After the fall of the shogunate and the dissolution of the Medical Institute, he temporarily returned home. During a period when he lived in hiding, he once again opened the private school “Ishiguro Juku,” where he taught Chinese studies and arithmetic to local children (one of his students at the time was Inoue Enryō). He later returned to Tokyo and took a position at the Daigaku Tōkō, the successor to the Medical Institute (and the predecessor of the University of Tokyo Faculty of Medicine). In 1871 (Meiji 4), on the recommendation of Matsumoto Ryōjun, he entered the Ministry of Military Affairs and became one of the pioneering military physicians.

He served in the Saga Rebellion and the Satsuma Rebellion. In September 1887 (Meiji 20), he attended the Fourth International Red Cross Conference held in Karlsruhe, the capital of Baden, Germany, as a government delegate, where he met Kitasato Shibasaburō, Mori Rintarō (Ōgai), Ozawa Shuichi, and others. In 1890 (Meiji 23), he was promoted to Surgeon General of the Army and simultaneously appointed Director of the Medical Affairs Bureau of the Army Ministry—the top position controlling personnel affairs for army medical officers. During the First Sino-Japanese War, he served as Chief of Field Medical and Sanitary Services for the Army Department of the Imperial General Headquarters. During that war, he was held responsible for the widespread devastation caused by beriberi (see “The Large-Scale Beriberi Epidemic in the Army during the Sino-Japanese War” for details). After the war, when Takashima Tomonosuke—who was aware of the beriberi disaster in Taiwan—became Minister of the Army, Hirano resigned as Director of the Medical Affairs Bureau in 1897 (Meiji 30), effectively taking responsibility, despite being a key figure in establishing the military medical system.

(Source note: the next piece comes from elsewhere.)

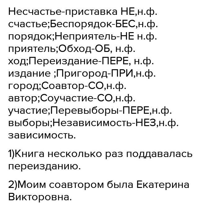 Беспорядок,неприятель,несчастье,обход,переиздание,пригород,соавтор,соучастие,перевыборы,независимость.
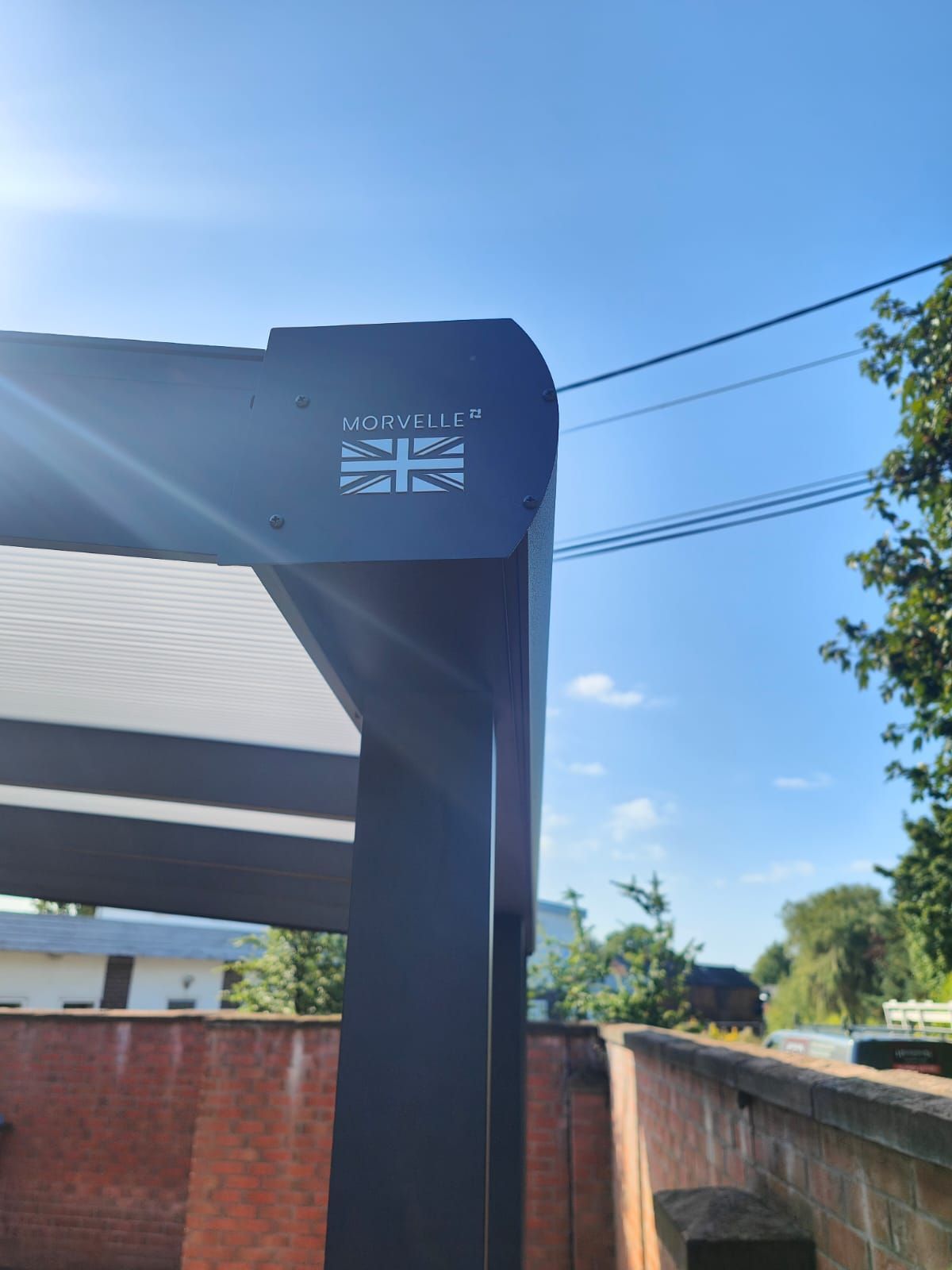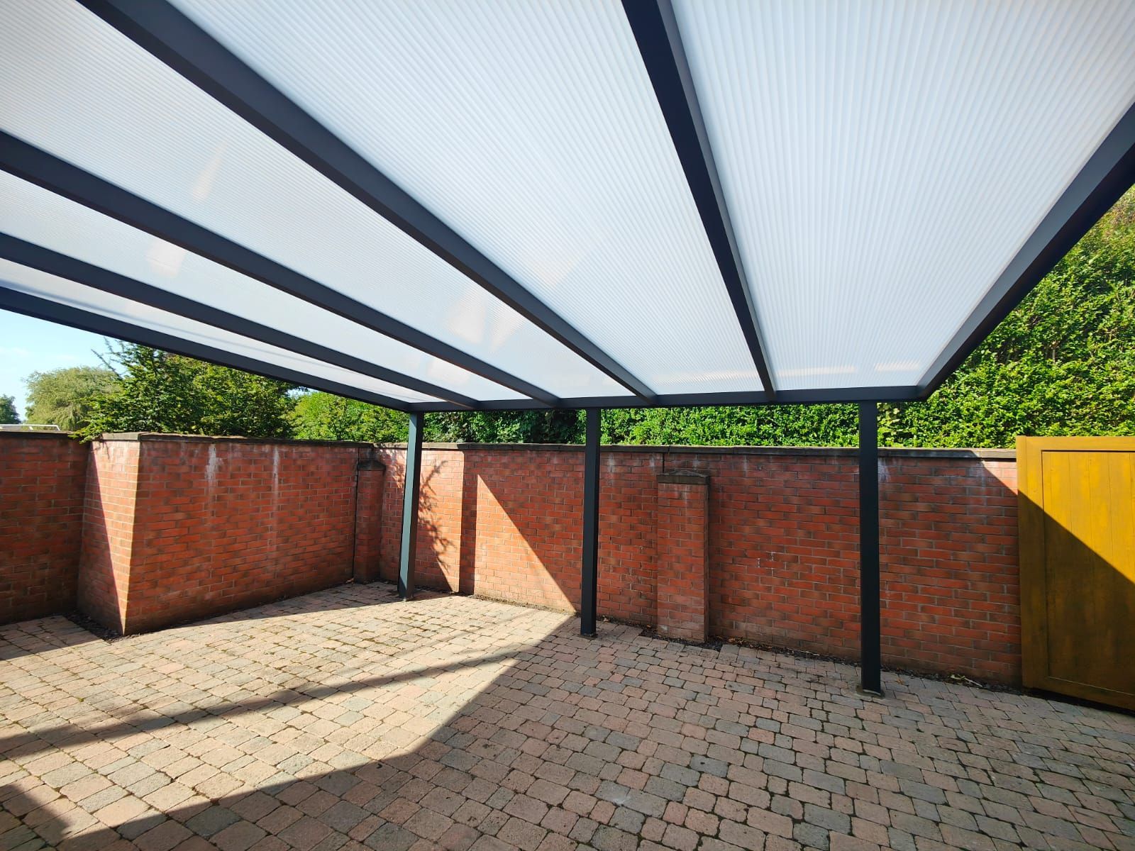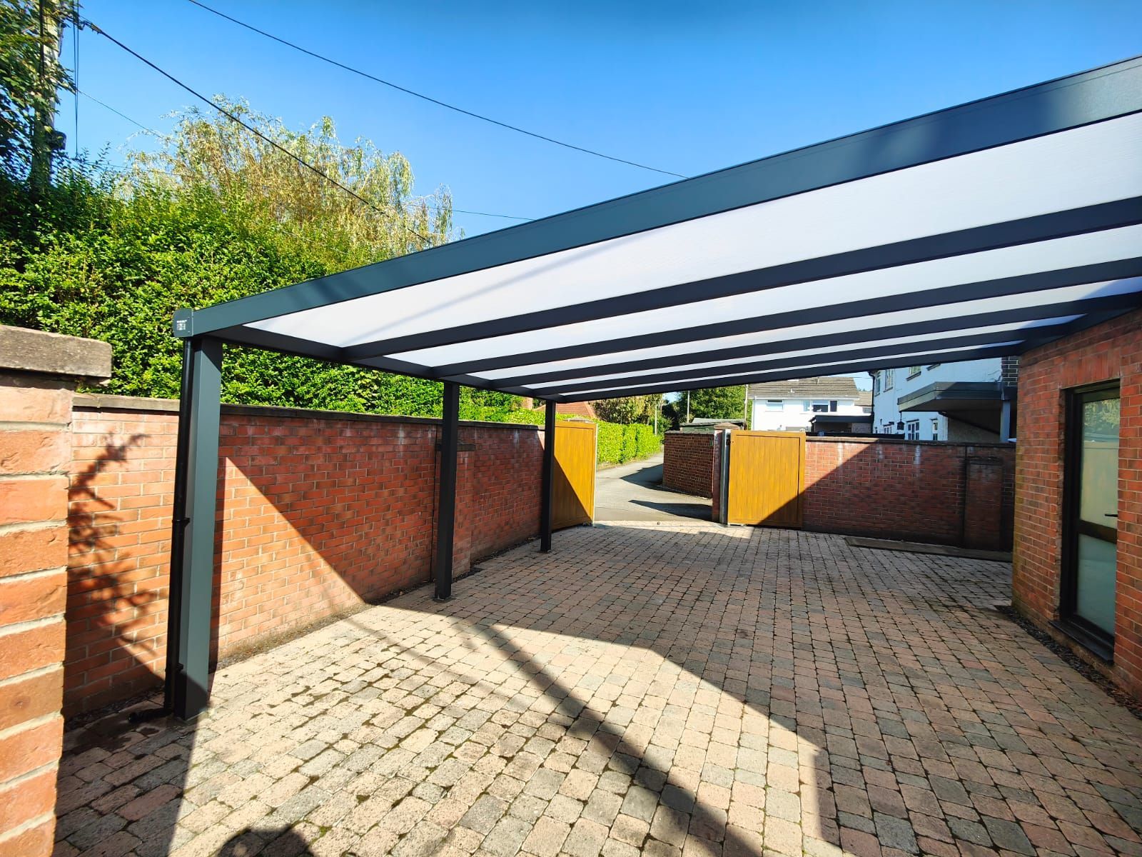 Providing a covered area for two vehicles this Morvelle carport is perfect. 5m wide and 5.5m projection with obscure polycarbonate infill panels supported by aluminium profiles powder coated in a textured anthracite grey. The front profile also acts as a gutter with the water exiting via an external black down pipe (customers request). Normally we have the rain water travelling down the inside of one of the support legs.

He maintained close relations with leading figures of the Chōshū faction such as Yamagata Aritomo, leaders of the Satsuma faction such as Ōyama Iwao, as well as Kodama Gentarō, and continued to exert a quiet but significant influence over the Army Medical Corps (later renamed the Army Medical Service). On April 17, 1901 (Meiji 34), he was transferred to the reserve, then to the second reserve on April 1, 1907 (Meiji 40), and retired from service in 1912.

He was also well known as a Japanese tea ceremony tea master, using the tea names Kyōsai and Kyōō. In 1898 (Meiji 31), he became a member of the rotating tea gathering group “Wakeikai,” founded by Matsuura Akira (Shingetsu-an) together with nobles and prominent figures residing in Tokyo. The sixteen original members—Aochi Ikijirō (Tankai), Itō Shunkichi (Sōyū), Itō Sukemaro (Gen’en), Iwami Kanzō (Rissō), Okazaki Iso (Enchū), Kanazawa Sanemon (Sōfu), Totsuka Bunka (Shiin), Azuma Tanenari (Soun), Higashikuze Michiyoshi (Kohan), Hisamatsu Katsushige (Ninsō), Matsuura Hisashi (Mujin), Mita Yasumitsu (Rien), Mitsui Takahiro (Shōrai), and Yasuda Zenjirō (Shōō)—were collectively known to the public as the “Sixteen Arhats.” (Later, Masuda Takashi [Don’ō] and Takahashi Yoshio [Hōan] joined the group.)

He later served as a member the House of Peers by appointment by the Emperor Meiji and as the fourth president of the Japanese Red Cross Society. In 1895 (Meiji 28), he was granted the title of baron (danshaku), and in 1920 (Taishō 9) he was elevated to the rank of viscount (shishaku). He died of old age in 1941 (Shōwa 16). After his death, the Ishiguro family did not carry out the procedures for succession to the peerage, and in October of the same year lost its noble status.
==Personal life==
His wife, Kugako, was born in March 1846 (Kōka 3) as the daughter of Adachi Sukeemon and his wife Nuiko, a family of long standing in Yashima, Katakai Village. In 1862, at the age of sixteen, she married Ishiguro. Owing to the devoted support of his wife, he rose steadily through the ranks. She died in March 1925.

Their eldest son, Ishiguro Tadaatsu, graduated from Tokyo Imperial University and then entered the Ministry of Agriculture and Commerce. He married Mitsuko, the second daughter of Hozumi Nobushige. He later served as Minister of Agriculture and Commerce at the time of Japan's surrender at the end of the Pacific War.

He designed a traditional tea house, Shusei-an in Katakai and it is now registered as cultural heritage of Japan.